<一撃!裏銘柄>将来の疾病に備える「細胞バンク」のパイオニア

株式

2021/8/12 12:03

 高成長企業ながら株価急落で調整が進展したステムセル研究所<7096.T>に狙いを定めたい。同社は日本最大の民間さい帯血バンク運営企業。再生医療を主な目的に、新生児の血液「さい帯血」や「さい帯(へその緒)」を将来の疾病への治療ソースとして分離・保管する細胞バンク事業を手掛けている。
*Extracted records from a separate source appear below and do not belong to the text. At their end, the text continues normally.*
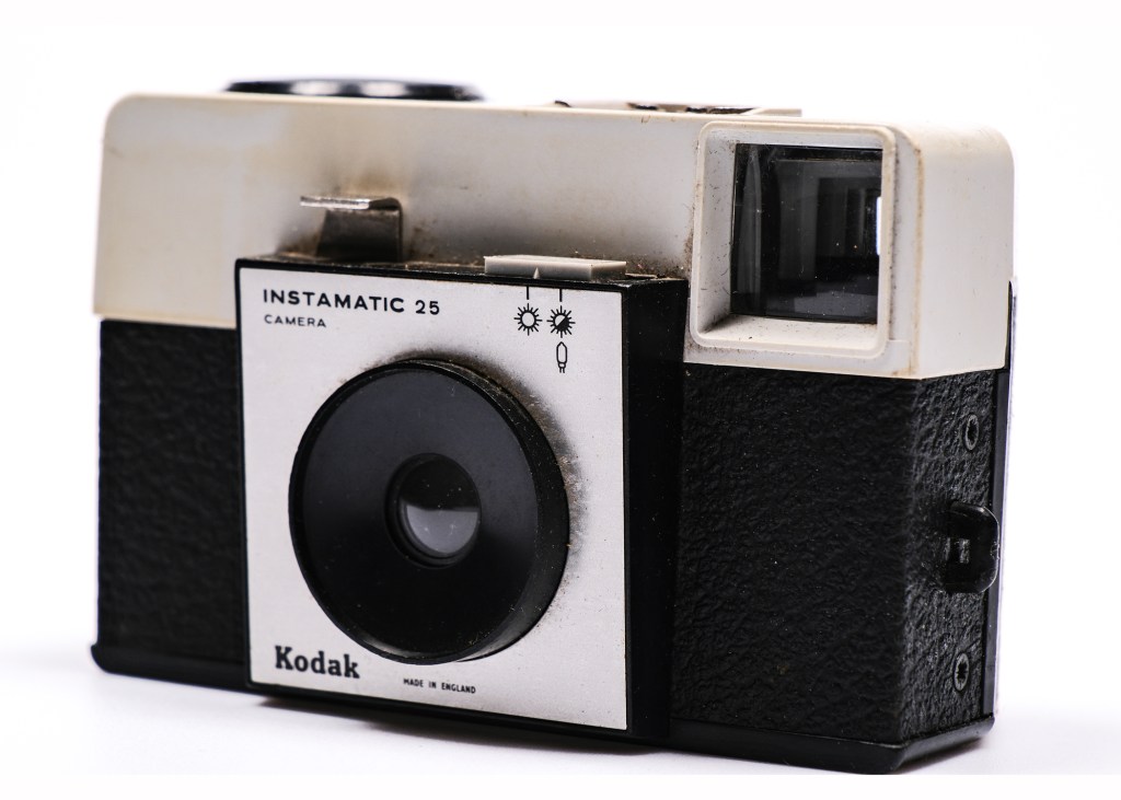 The Kodak Instamatic film camera was introduced in 1966, in England and Spain and remained in production until 1972. The essence of simplicity, this camera was made for photographers who knew nothing about photography. It was ‘instant and automatic, – instamatic’ in that all you had to do was lift it, point it and shoot. It had just two settings; two shutter speeds, 1/90th second and 1/40th second, selected by a lever above the lens, shown as a sun symbol and and half-sun symbol respectively. The camera had a fixed lens with a fixed aperture. There was a hotshot for flash bulbs.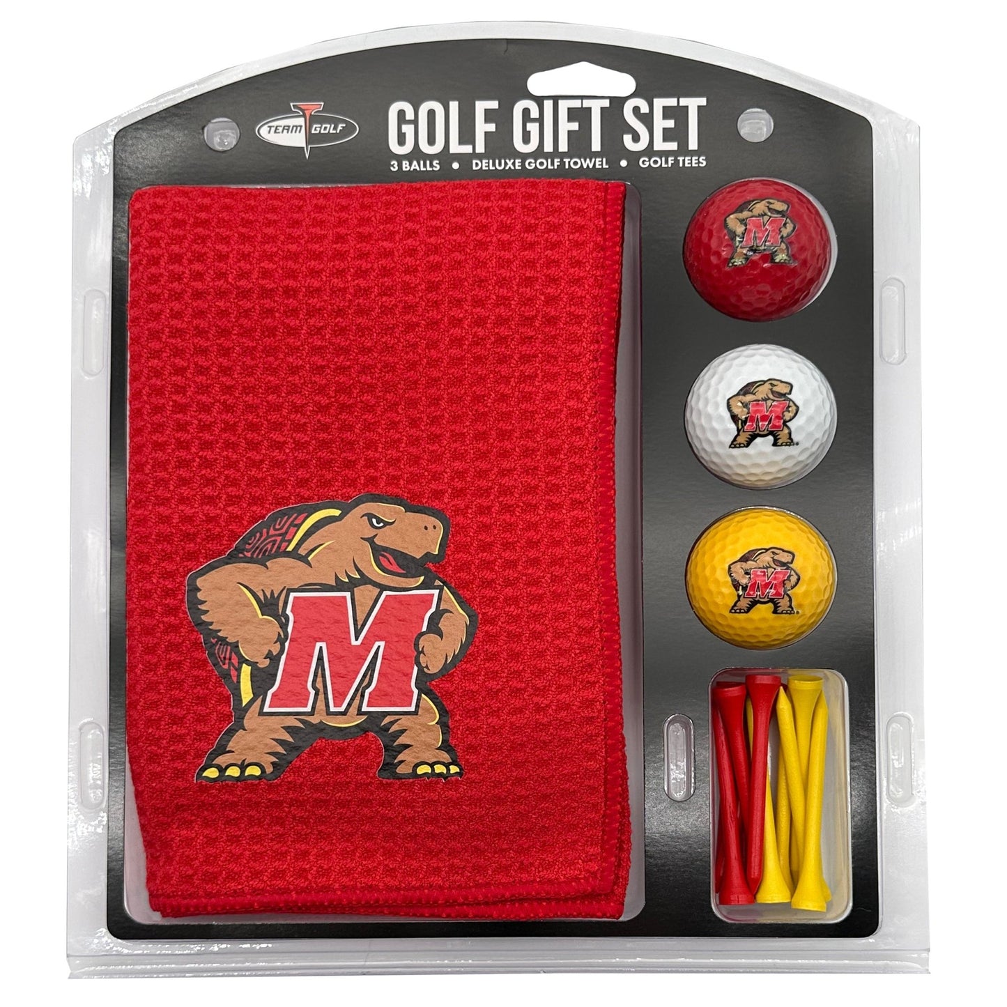 - Microfiber Towel Gift Set includes 16x40 microfiber towel (team color or white) with printed logo, 3 golf balls (colors may vary), and set of 10 tees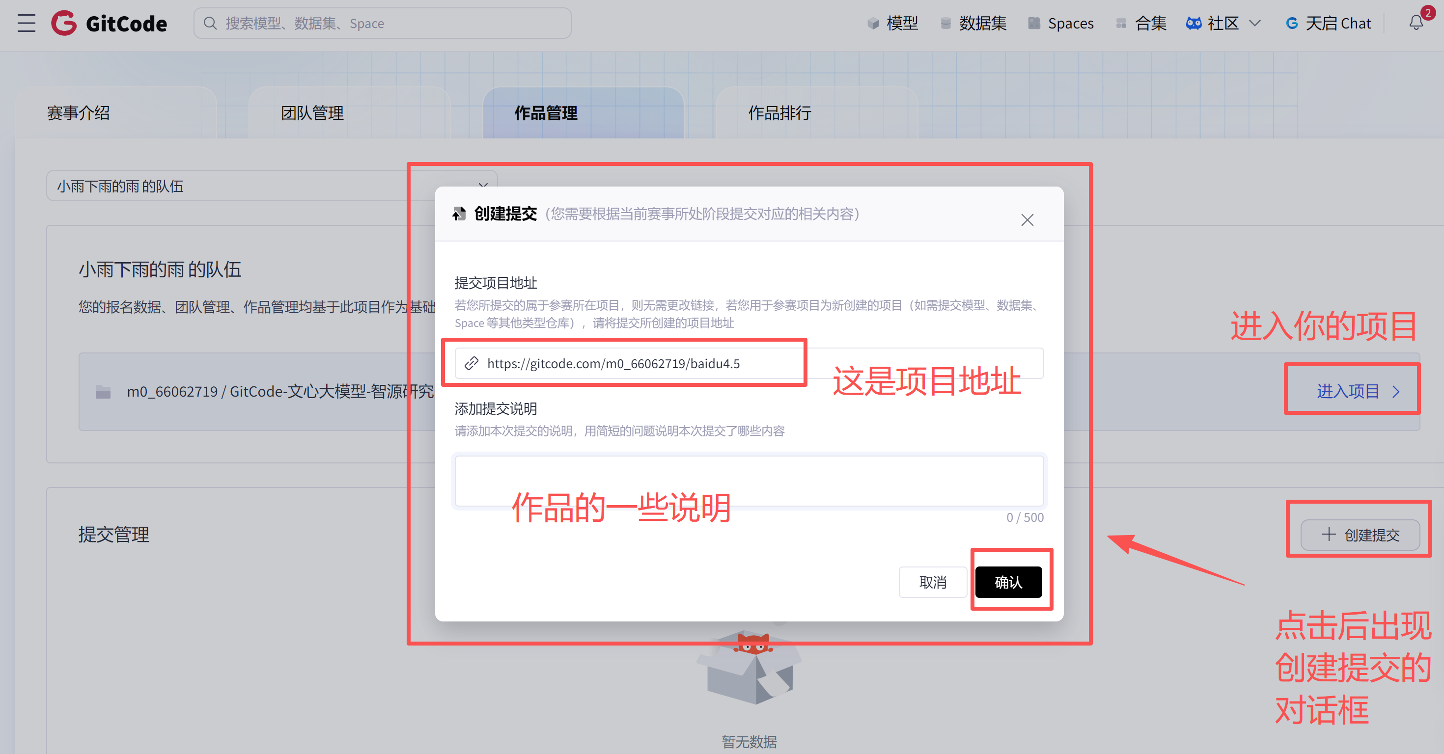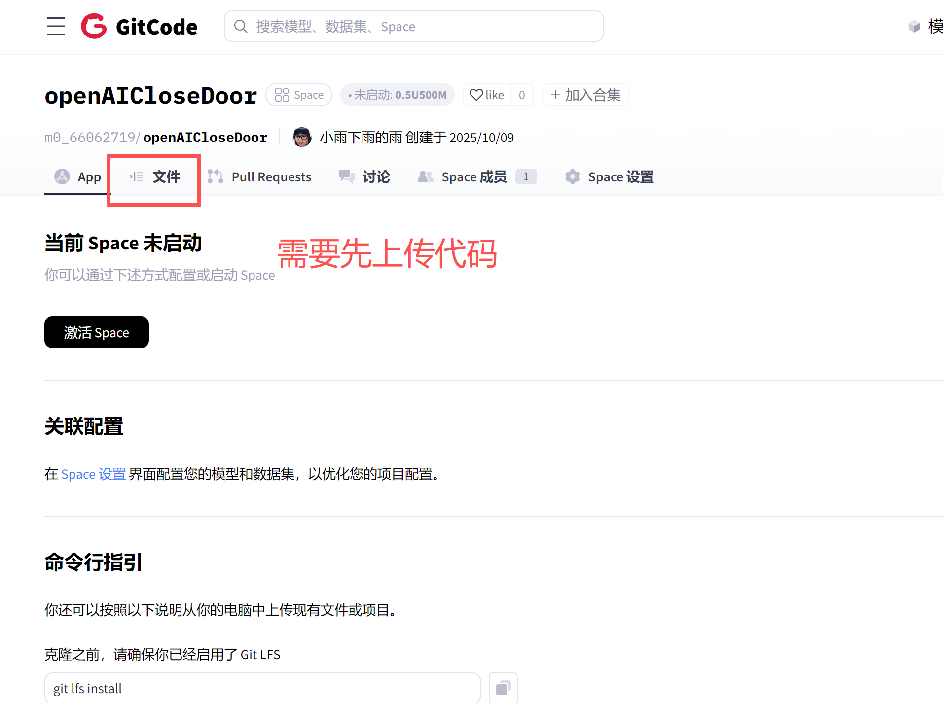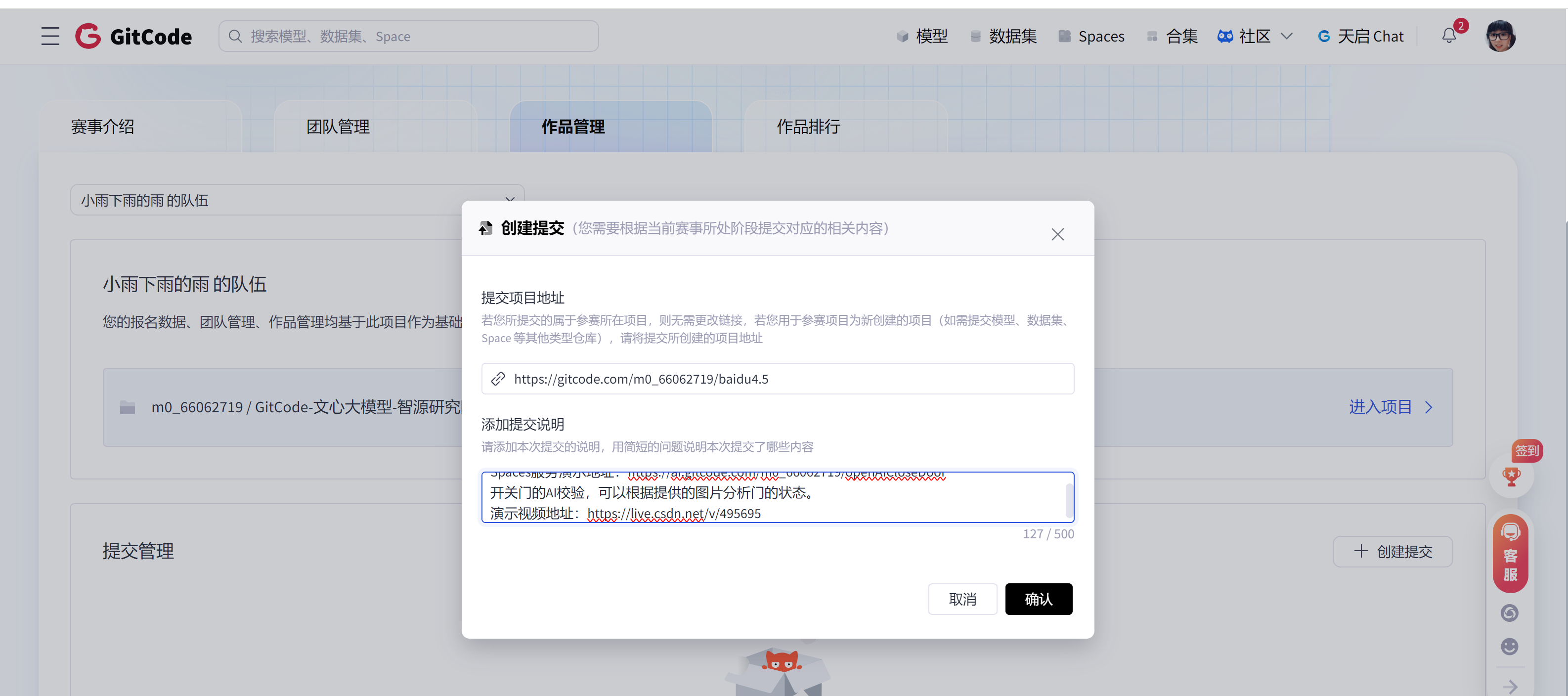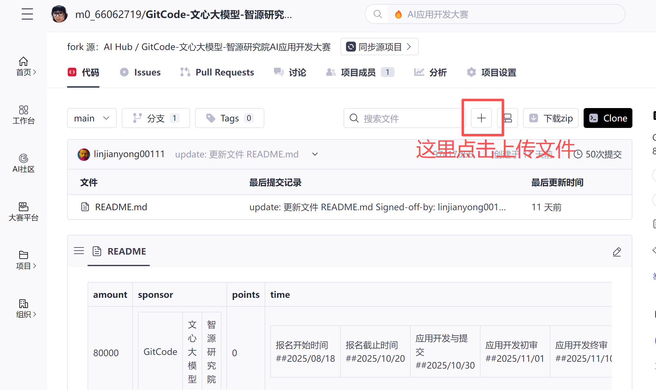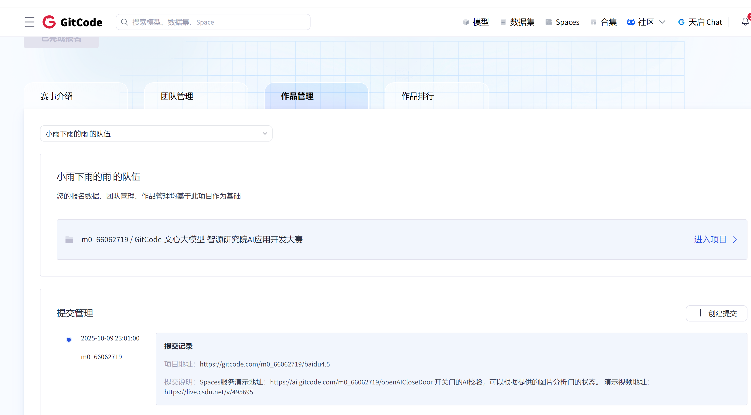 我们在gitCode的比赛地址中能看到我们的仓库,将代码上传上去,录制的视频也传上去。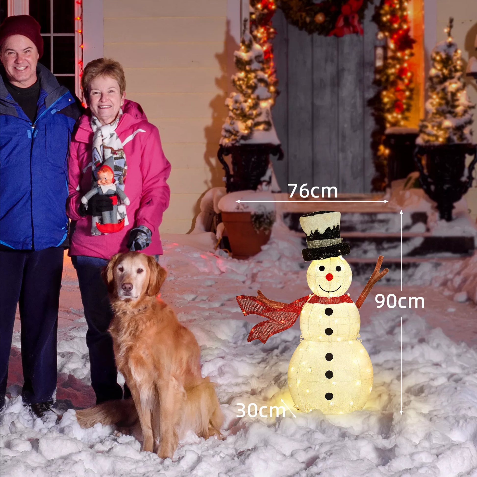 Pajuskite magišką žiemos pasakų pojūtį savo namuose su LED sniego seniu. Šis kalėdinis apšvietimas turi juodą cilindrą, raudoną šalikėlį, morkos nosį ir šakelių rankas – viskas kruopščiai ir detaliai sukurta. Su 78 LED lemputėmis, kurios šviečia tamsoje. Kalėdinė dekoracija pristatoma su 4 kuoliukais ir 6 kabelių jungtimis saugiam pritvirtinimui.

 さい帯血を保管する独占的な技術を有し、民間さい帯血バンクとして99%のシェアを獲得(保管検体数ベース)。保管さい帯血は2親等以内の親族にも転用できることや、根治療法のない神経疾患に適応される可能性があること、初の白血病治療で使われた実績などから、今後は多くの再生医療への展開が期待されている。

 さい帯血を用いた再生医療分野での研究開発活動として、高知大学医学部附属病院や大阪市立大学附属病院での小児神経疾患を対象とした臨床研究が着実に進展。このほか、東京大学医科学研究所や同医学部附属病院との小児形態異常などの先天性疾患に対する治療法の開発をはじめ、大学系研究機関との共同研究にも注力する。

 今後の検体数増加に備えて、細胞処理センターや最新鋭の第2細胞保管センターを横浜に新設し、細胞の処理・保管能力を増強している。さい帯血を用いた国内の臨床研究は初期段階のため、今後の進展次第では株価急騰の大きな起爆剤となる。

 さい帯血保管料金は、10年分で出産時26万4000円、20年で31万9000円と高額ながら、前受金が多く売掛リスクの低さも魅力だ。ストック型収益につながるビジネスモデルを構築していることも強みとなる。

 今3月期第1四半期の非連結売上高は、同期間で過去最高の4億2400万円(前年同期比30.4%増)、営業利益は5000万円(同2.2倍)と順調なスタートを切ったものの、7月後半からの株価急落の影響を引きずる格好で決算発表後も下落した。RSI(相対力指数)やストキャスティクスなどオシレーター(逆張り)系指標は中低位で推移しており、テクニカル的な過熱感は完全に解消。需給の崩れによる調整一巡後は、株価再起動による買い人気が期待できそうだ。